На следующее утро Марджори заставили проснуться дробные звуки мексиканской музыки. Приподнявшись из-под простыни, она упала назад со стоном, взглянув на наручные часы и закрывая глаза. Громкоговоритель для женской половины лагеря висел на дереве прямо над бунгало Марджори. Был праздничный день. Ровно восемь утра. Безжалостная контора включала музыку точно в срок.

В висках Марджори стучало. В состоянии возбуждения и нервного напряжения прошлым вечером она выпила после эля еще несколько стаканов. Даже заткнув уши пальцами, она не могла заглушить мексиканскую танцевальную музыку, бесившую ее и разламывающую голову на части. Громкоговоритель, казалось, был в ее голове, гремящий почти на полную мощь. Марджори добрела до аптечки и приняла две таблетки аспирина, с неудовольствием отметив, что чувствует, как жаркий воздух проникает через ее тонкую ночную сорочку. Белый бар чуть проглядывал через деревья, и блики от купальни били ей в глаза. Она застонала. С наступлением дня над всем лагерем нависла испепеляющая жара – тяжелая, как мексиканский костюм, предвещавшая мерзкую работу, контрастирующая с ее внутренним состоянием.

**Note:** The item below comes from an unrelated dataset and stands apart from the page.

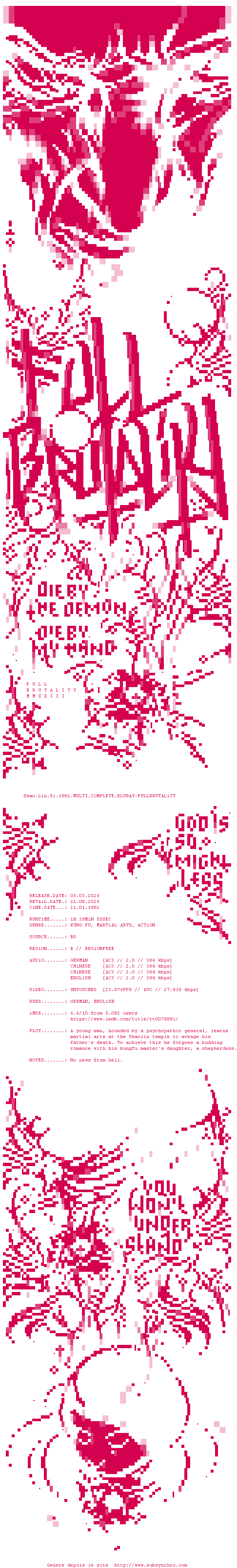 Voir le nfo de la release Shao.Lin.Si.1982.MULTI.COMPLETE.BLURAY-FULLBRUTALiTY
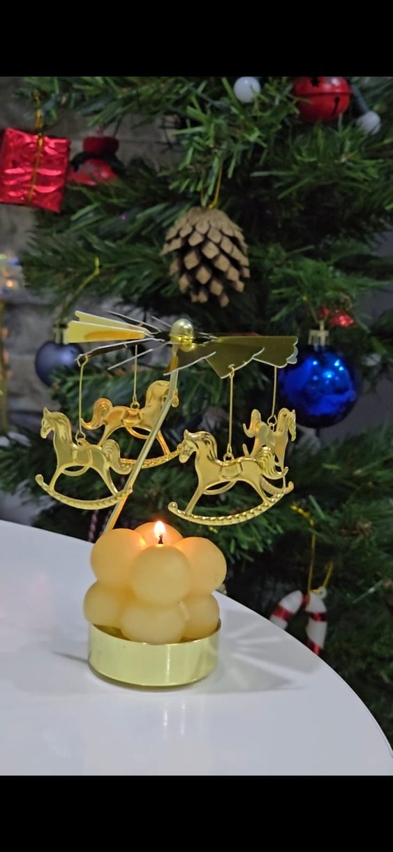 Altın renkli, sallanan at figürlü dönen atlı karınca mumluk. Köpük şeklinde yanar halde mum içerir.

Она пригласила своих родителей пойти на праздничный уик-энд, надеясь, что возбуждение и суета отвлекут их внимание от нее и Ноэля, особенно рассчитывая на Самсона-Аарона, вызвавшегося играть роль тореадора в корриде. Первое воскресенье августа было праздничным днем в «Южном ветре», и ежегодный карнавал превращал самого толстого человека в лагере в бойца с быками. Дядя был вне конкуренции. Костюм тореадора, хотя и безразмерный, дополнительно увеличивался для его фигуры. Дядя был шире всех тореадоров, и Ноэль говорил Марджори, что с его естественной склонностью к дурачеству он мог бы стать самым забавным.

Она надевала свой костюм – кофту с зелеными оборками, когда вдруг вспомнила, что получила благословение православного священника поссориться с отцом перед поступлением на работу артисткой.

– Я схожу с ума, – проворчала она.

Она надела купальник и пошла в бар выпить кофе, не имея желания завтракать. Снаружи рабочие на лужайке сколачивали легкие маленькие кабинки для раздачи талисманов, прохладительных и крепких напитков, а сквозь шум ударов молотков громкоговорители весело ревели раскатывающуюся румбу. Кофе и аспирин подняли и облегчили душевное состояние Марджори. Заметив отца, выходящего с причала в купальном костюме и сомбреро (сомбреро бесплатно раздавали устроители праздника), она быстро допила вторую чашку кофе и поспешила навстречу ему.

– Сеньор Моргенштерн к вашим услугам, моя дорогая, – сказал отец с поклоном. Сомбреро сползло ему на затылок, обнажив седые волосы.

– Добрый день, сеньор, – ответила она. – Через час мне нужно идти на работу, поэтому поспешим. Как мама?

– Прекрасно. Она смотрит репетицию боя с быками твоего дяди. Такая глупость…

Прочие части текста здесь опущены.